> [Your task] Every line from the first one in the data below through the line holding "Sony ZV-E10 (Chính" is to be written out exactly, with the pictures omitted.

(Items from a dataset)
===
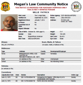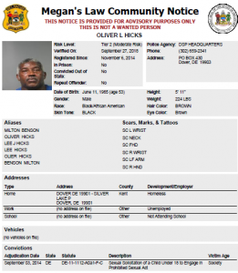 Dover– The following are not wanted. These are Homeless Sex Offender Public Notifications. If you have information that any of the listed subjects are occupying a residence, please call 302-672-5306. Information may also be provided by calling Delaware Crime Stoppers at 1-800-TIP-3333, via the internet at http://www.delaware.crimestoppersweb.com.
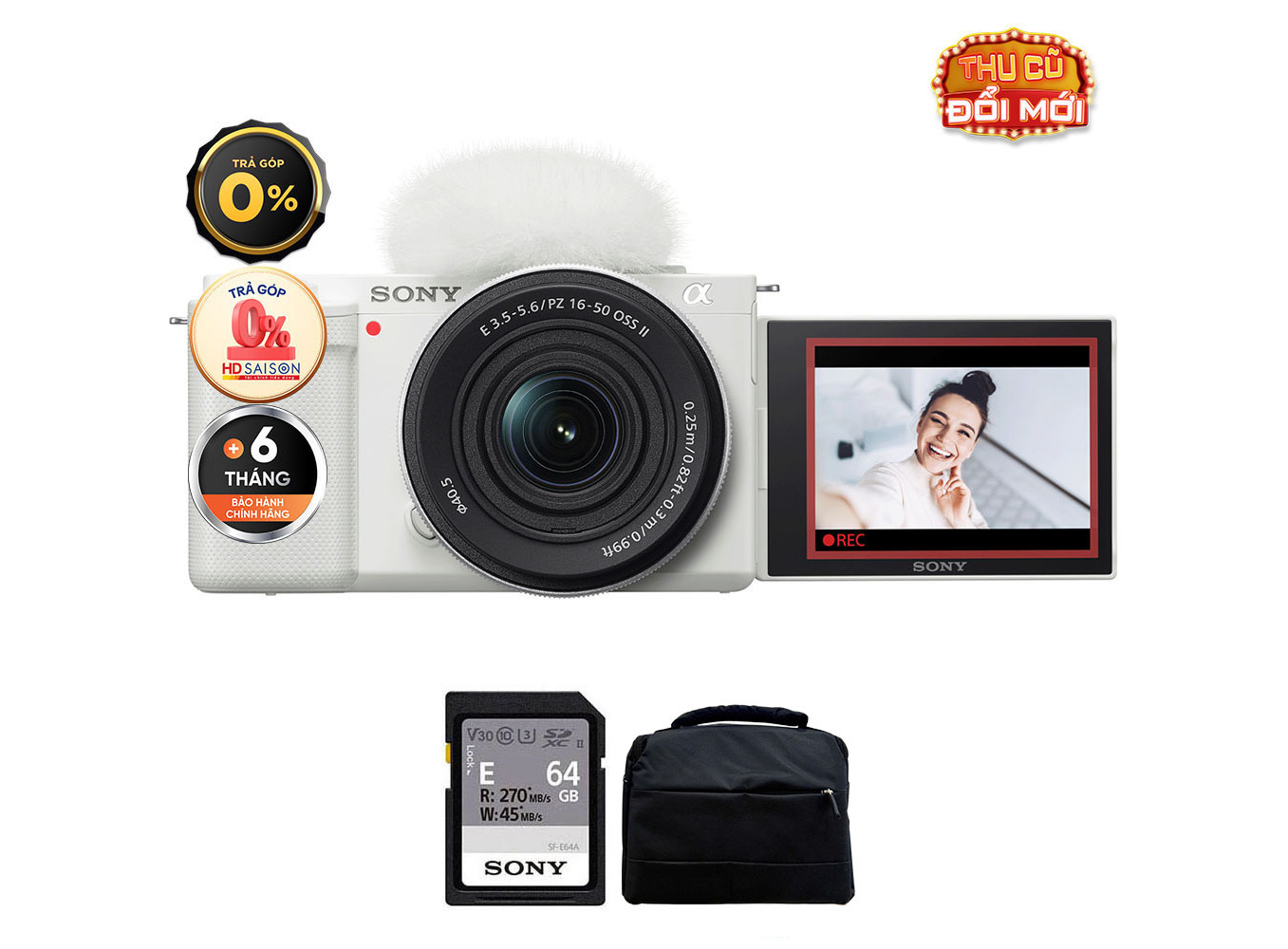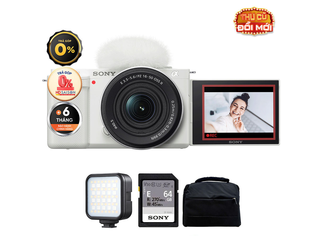 Sony ZV-E10 (Chính hãng) (Kèm Kit Lens 16-50mm II, White, Thẻ Nhớ 64GB + Túi Máy Ảnh + Đèn LED)
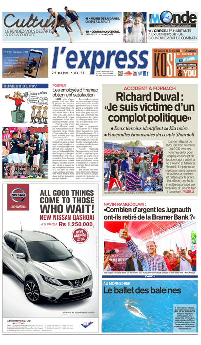L’express consacre sa Une au drame survenu à Forbach. L’ancien député du PMSD Richard Duval, dont la voiture a été retrouvée à proximité du lieu de l’accident, se rendra au CCID ce lundi. Il soutient qu’il est «victime d’un complot politique». Autres titres: Navin Ramgoolam s’en prend à la famille Jugnauth tandis que les employés d’Iframac poussent un «ouf» de soulagement.
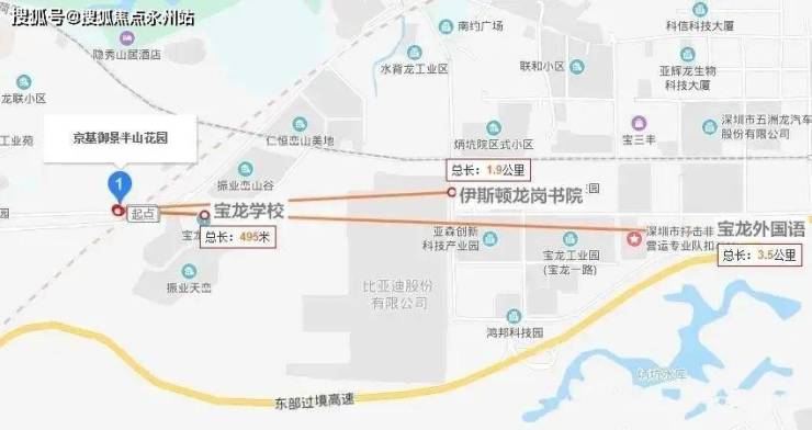 京基御景半山位于龙岗区宝龙街道宝荷片区,依山脚而建,总用地面积约6.3万㎡,规划总建面约31万㎡。容积率:3.45,绿化率:42.23%。由11栋共计15座高层住宅,以及13栋别墅住宅,另有1栋幼儿园和1栋综合楼组成。
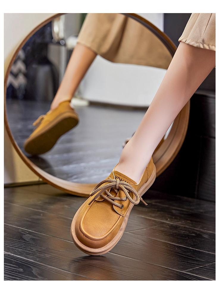 Zapatos de Mujer de Cuero Genuino 2026 Primavera Nuevo Retro Zapatos Pequeños de Cuero Casual Versátiles Zapatos Únicos Mocasines Planos de Mujer para Ir al Trabajo Zapatos de Mujer
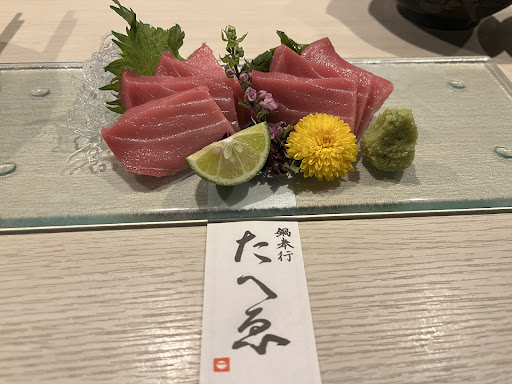 Read more初めて来店する『たへゑ』さんは、北海道帰りの私を満足させてくれたのです‼️ つい4、5日前まで北海道で海鮮を楽しんできたのですが、淡路島モンキーセンターの淡路ザルに逢いたくなり出かけるのでした。 淡路島の東海岸はワカメが育ち、海も綺麗です。 何故か無性に淡路島の海鮮を食べたくなったのでした。 初めて入店したのですが、とても綺麗で堅苦しく無い空間でした。 カウンターに座り頂いた一品は本鮪の中トロと解禁直後の淡路島のムラサキウニ、そして淡路産のトマトスライス。生ビール🍺に日本酒🍶を一杯いただきました。 本鮪の中トロは鮪本来の旨みがしっかりしていました。 驚いたのは淡路島のウニの味でした。 北海道のバフンウニの美味しさをしっている私は、ムラサキウニには期待していませんでした。しかし裏切られました。淡路島のムラサキウニは濃厚で、味の余韻が口いっぱいに広がるのでした。もしかしたらムラサキウニの中でも日本一の味わいかもしれない‼️ 綺麗な海で育ったワカメをたべるウニの味は最高でした!勿論生ウニでミョウバンの苦味はまったくありませんでした。 トマト🍅も、久しぶりにトマトの香りを感じるものでした。 当たりの🎯お店でした。 淡路島愛❤️に溢れるオーナーとの会話も楽しかったです♪ また行きたいお店に加わりました。 次回は鍋料理🍲を...
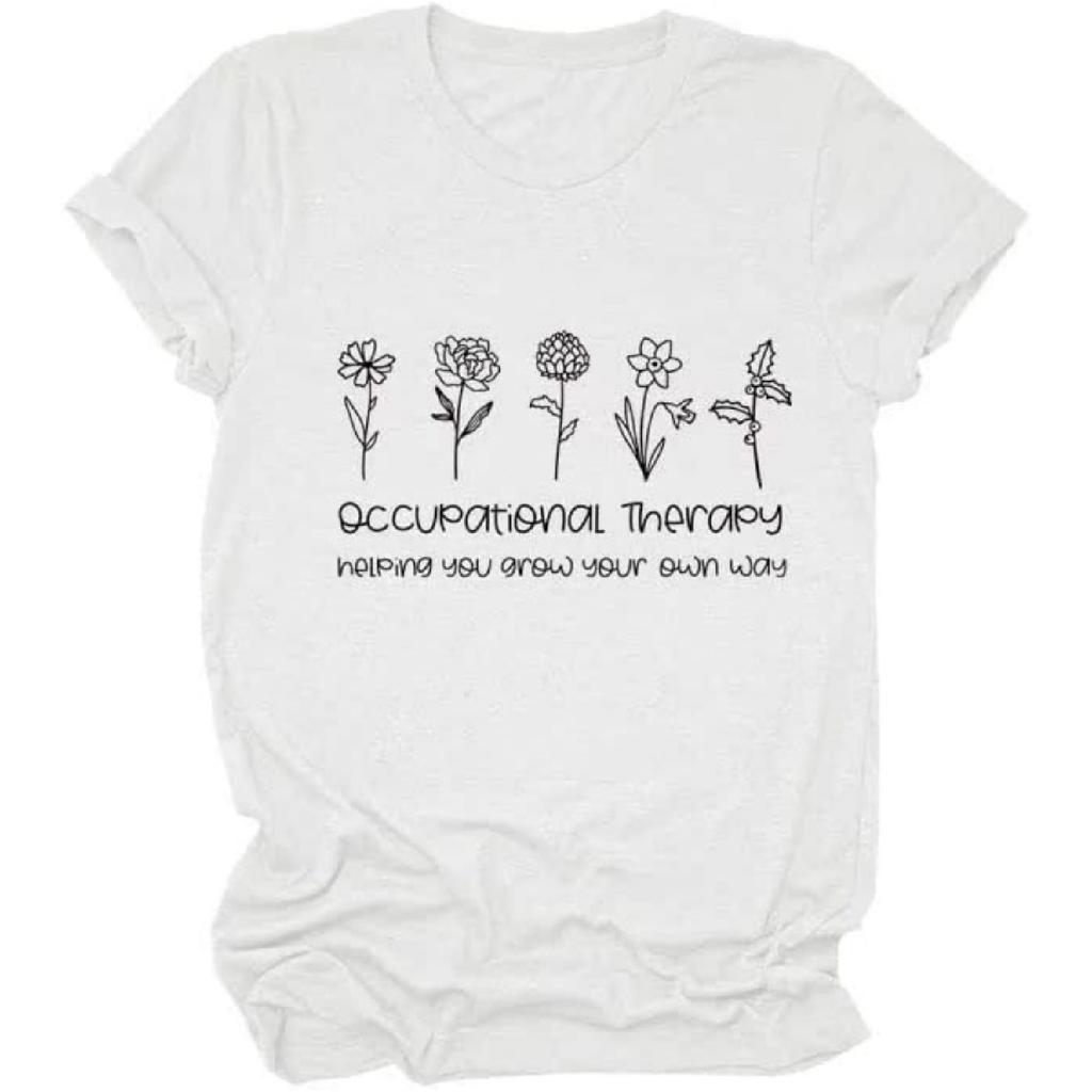 PUGIAF Womens Therapist Shirt Occupational Therapy Helping You Grow Your Own Way Mental Health Shirts Short Sleeve Tee
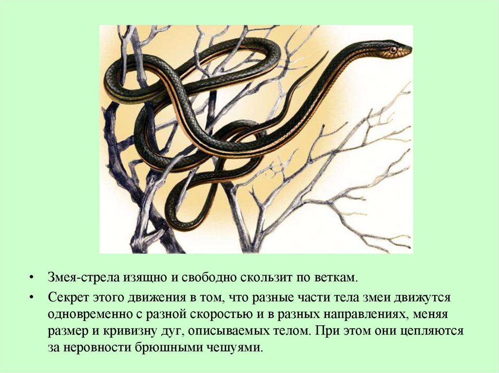 • Змея-стрела изящно и свободно скользит по веткам.• Секрет этого движения в том, что разные части тела змеи движутся
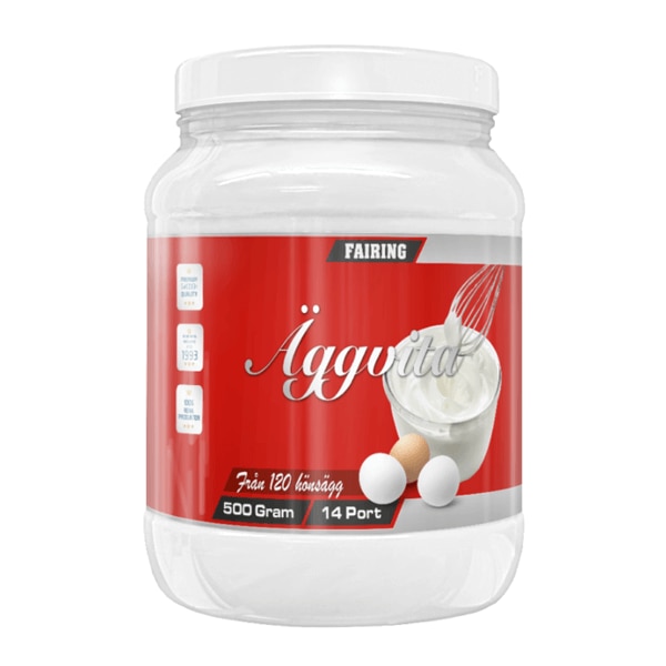 Stark proteinkälla Fairings Äggvita 500 gram är pastöriserad, torkad och pulvriserad äggvita från ca 120 hönsägg. När pulvret blandas med vatten återfås flytande äggvita, som med sin fullvärdiga aminosyraprofil är en av de bästa proteinkällorna. En förpackning Äggvita ger 4 liter konsumtionsfärdig äggvita. Fördelar med Fairing Äggvita Torkad äggvita från 120 hönsägg 80% protein, med högvärdig aminosyraprofil Tillsätt endast vatten Inget tillsatt fett Kalorisnål Använd till matlagning Fairing Äggvita är en kalorisnål produkt utan fett och kan användas till mycket inom matlagning. Stek till exempel och ät som högproteinvariant på vanligt stekt ägg, eller ha en skvätt i din frukostgröt, på dina pannkakor och bröd eller vispa upp till fluffiga gratängtäcken. Du kan även vispa Fairing Äggvita och använda i tårtbottnar, vänd då ner äggvitan i glassmeten för en extra volym och gör maränger att toppa med. Endast fantasin sätter gränser!
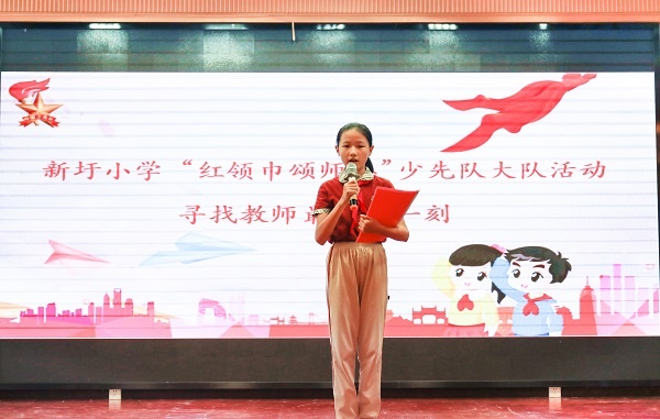 第35个教师节来临之际,新圩小学少先队大队部开展了“红领巾颂师恩,寻找教师最美那一刻”少先队大队活动。
===
> [Task solution]
 Dover– The following are not wanted. These are Homeless Sex Offender Public Notifications. If you have information that any of the listed subjects are occupying a residence, please call 302-672-5306. Information may also be provided by calling Delaware Crime Stoppers at 1-800-TIP-3333, via the internet at http://www.delaware.crimestoppersweb.com.
 Sony ZV-E10 (Chính hãng) (Kèm Kit Lens 16-50mm II, White, Thẻ Nhớ 64GB + Túi Máy Ảnh + Đèn LED)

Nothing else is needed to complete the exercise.